How Sourcegraph maps the Python universe: Introduction


When we first started building Sourcegraph, we solicited feedback about the idea of building a semantically aware code-search engine that worked for both dynamically and statically typed languages. A lot of people warned us it’d be extremely difficult (and they were right). To do it, they said, you’d have to do large-scale type inference for dynamic languages, and that’s undecidable. Today Sourcegraph has indexed nearly 10,000 Python repositories and 10,000,000 Python symbols, and can show you rich information like usage examples of a function, people who use your code, and annotated source code with jump-to-definition links.

image
image

Here’s how we’re doing it.

In order to get all that information, Sourcegraph needs to resolve function, class, and package names whenever they are referenced in code.
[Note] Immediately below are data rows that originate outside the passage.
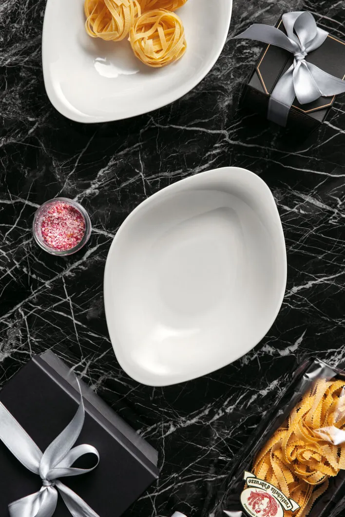 Die formschönen Pastaschalen DUNE in der Farbe Weiß von Villeroy & Boch haben eine Größe von 21 x 27 cm und bestehen aus hochwertigem Fine China Porzellan. Mit diesem Set können Sie Nudeln und Pasta auf stilvolle Art zu zweit genießen.
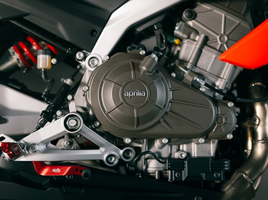 Aprilia Tuono 457 napędzana jest nowoczesnym, dwucylindrowym silnikiem o pojemności 457 cm³, który pełni funkcję elementu nośnego konstrukcji. Jednostka została celowo wyeksponowana, podkreślając techniczny charakter motocykla i jego sportowe DNA. Chłodzony cieczą silnik generuje maksymalną moc 35 kW (47,6 KM) przy 9400 obr./min, czyli najwyższą dopuszczalną dla kategorii prawa jazdy A2.
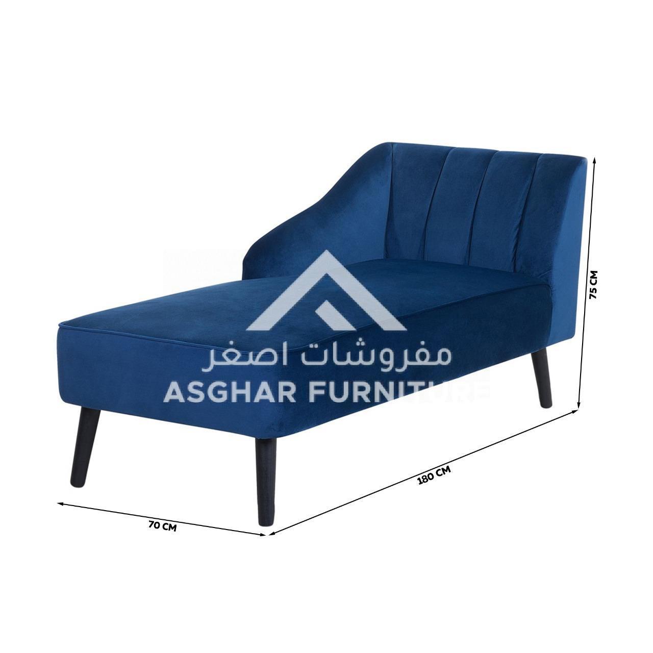At Asghar Furniture, Glamorous in design this Cobalt Velvet Chaise longue perfectly blends a high-end look and comfort, a stunning statement piece for any living setting. Its curvaceously shaped and pleasantly plush back showcases channel tufting that beckons you to take a moment and sit back comfortably. The slanted arm and simple tight seat round out the look, giving this lounger a clean, modern feel.
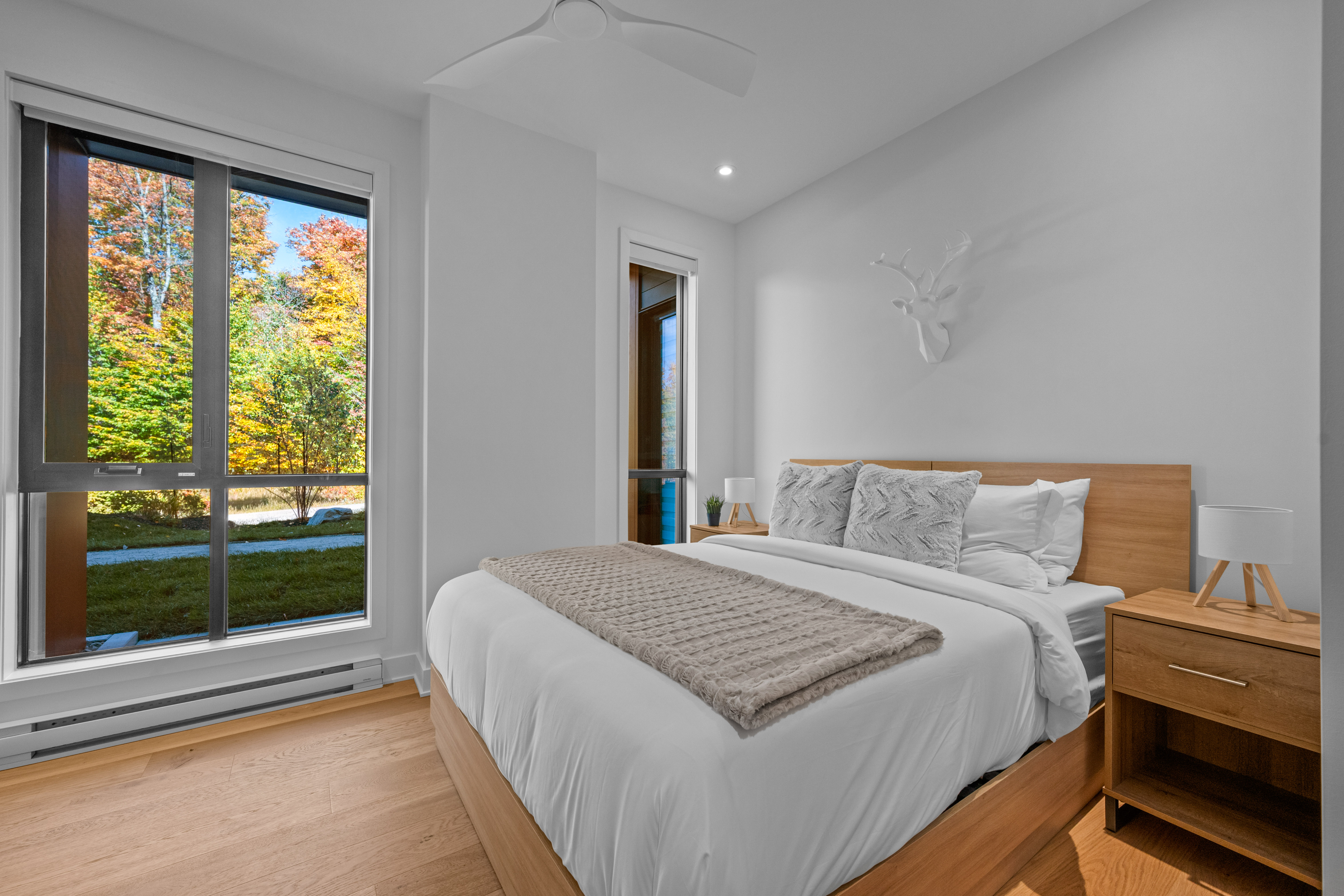 Direct access to the Nord-Sud trail just 20 meters away. A short 7-minute walk to the Algonquin ski run and Versant Soleil lift, and only 5 minutes by car to the Tremblant Village gondola. Includes a private, heated storage locker for ski, golf, and bike equipment.
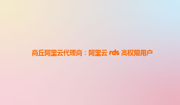 商丘阿里云代理商:阿里云 RDS 高权限用户

Getting this information means we do many of the things that a compiler or interpreter would—resolve dependencies, lex and parse the code, construct an AST, build symbol tables—almost everything, except, of course, emit assembly or bytecode.

In some cases, however, this isn’t enough. In order to resolve things like method calls and field names, we need to know the type of the receiver object. Take the below examples, for instance. In the first case, we need to know that the app variable refers to an instance of the Flask class in order to look up the field jinja_env and link to its definition. We could simply search the database for any field named “jinja_env” and in this case, the name might be unique enough to resolve to the correct field. But consider the other case: a usage of the size method of the FTP class in the ftplib standard library module. In order to correctly resolve this reference to ftplib.FTP.size and not some other size method, we need to determine the type of self.client.

image
image

In dynamically typed languages like Python, this information is not explicitly available in code and might only get decided at runtime (hence, undecidable by simple reduction to the halting problem). For both performance and security reasons, we want to avoid running the code. So instead, we use the static analysis techniques provided by the awesome open-source library PySonar.
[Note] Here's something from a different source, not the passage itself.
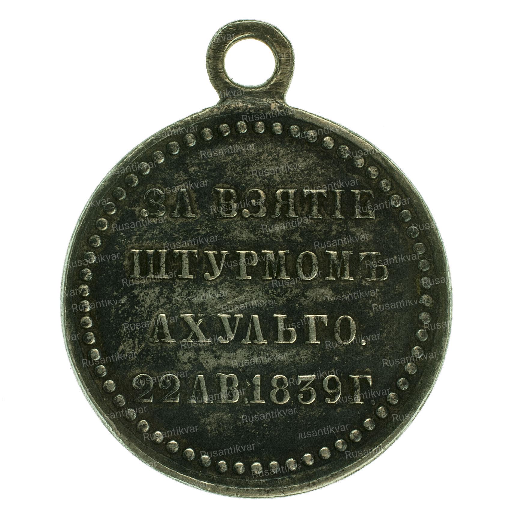Медаль учреждена 5 сентября 1839 года "высочайшим" приказом Императора Николая 1,данным военному министру А.И.Чернышеву.Медалью награждали участников штурма дагестанского аула Ахульго 22 августа 1839 года. Медаль носилась на груди на ленте ордена Св.Георгия.
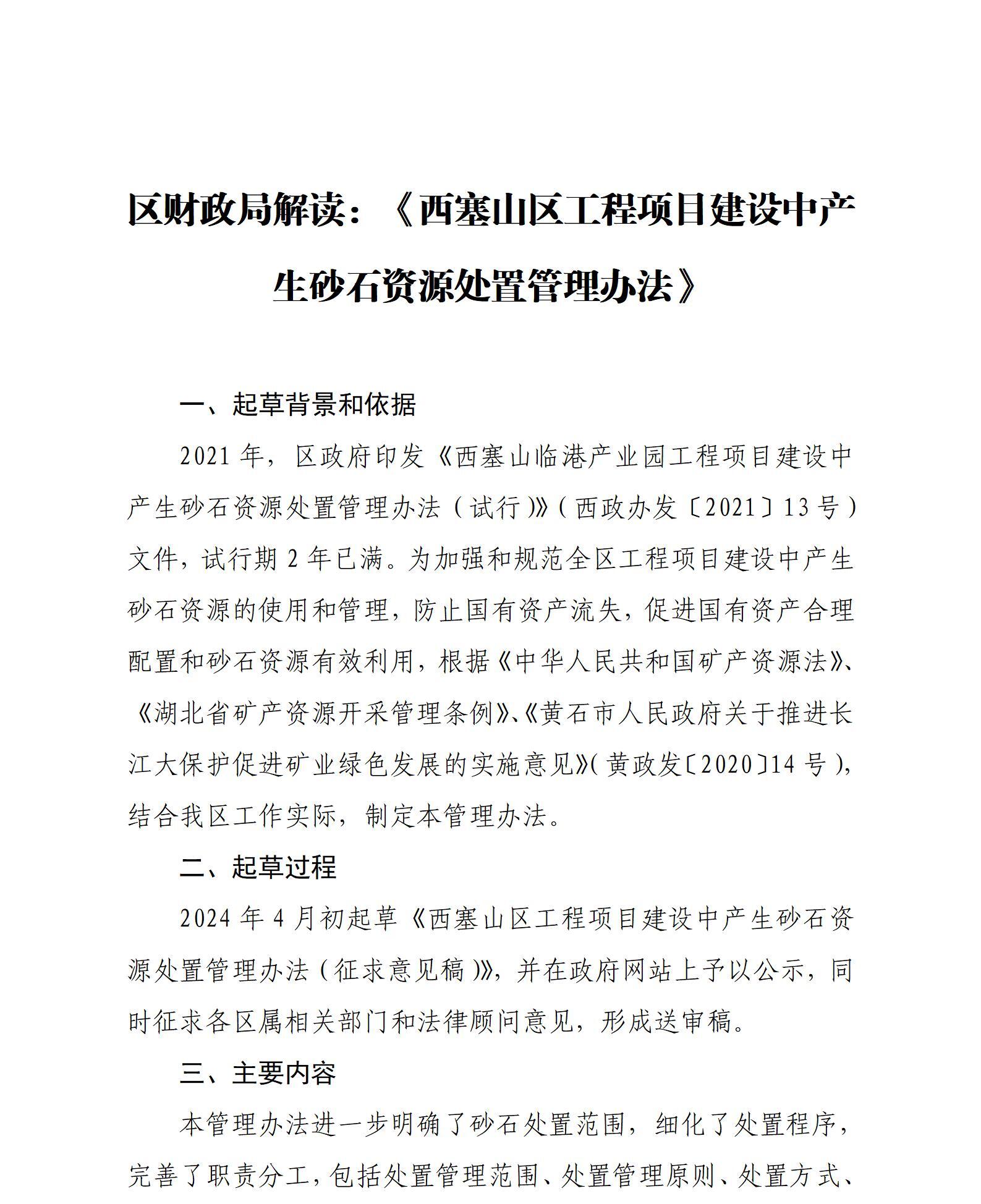 区财政局解读:《西塞山区工程项目建设中产生砂石资源处置管理办法》

There are a handful of open-source libraries that do some form of static analysis on Python. PySonar and its successor PySonar2 are by far the most advanced Python static analysis libraries for our purposes. Conceived and implemented by the brilliant Yin Wang, PySonar uses some pretty awesome techniques for resolving types statically. Yin wrote a great blog post describing these techniques.

Though general type inference is undecidable, in most cases Python code follows predictable patterns that are tractable to static inference. PySonar also uses interprocedural analysis (techniques that traverse function boundaries). That means that by having a global view of the world’s Python repositories, Sourcegraph can do a better job of type inference than any local system ever could. In practice, it often works quite well.
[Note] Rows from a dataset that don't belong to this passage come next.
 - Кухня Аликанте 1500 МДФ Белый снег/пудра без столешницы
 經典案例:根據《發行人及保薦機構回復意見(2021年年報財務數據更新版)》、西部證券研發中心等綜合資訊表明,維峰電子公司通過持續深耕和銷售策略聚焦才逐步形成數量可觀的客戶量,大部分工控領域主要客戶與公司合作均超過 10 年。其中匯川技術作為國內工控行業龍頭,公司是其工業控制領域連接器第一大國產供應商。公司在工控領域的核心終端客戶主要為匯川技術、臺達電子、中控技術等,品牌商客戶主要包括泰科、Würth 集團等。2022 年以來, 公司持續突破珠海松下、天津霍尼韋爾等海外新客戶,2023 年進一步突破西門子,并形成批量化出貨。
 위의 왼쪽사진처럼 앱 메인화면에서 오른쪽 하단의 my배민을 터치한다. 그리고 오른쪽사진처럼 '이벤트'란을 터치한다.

PySonar is a crucial component in our system, but the challenges don’t end there. Sourcegraph also must resolve dependencies to the correct versions of release binaries and source code, and it must globally resolve cross-repository references and function calls. We’ll describe how we tackle these problems in a later post.

The output of all this is a graph of the Python universe. With it, we can efficiently compute all the info you see on Sourcegraph and help you program better by finding usage examples, seeing how your code depends on and is depended on by others, exploring link-annotated source, and effectively making use of open-source libraries.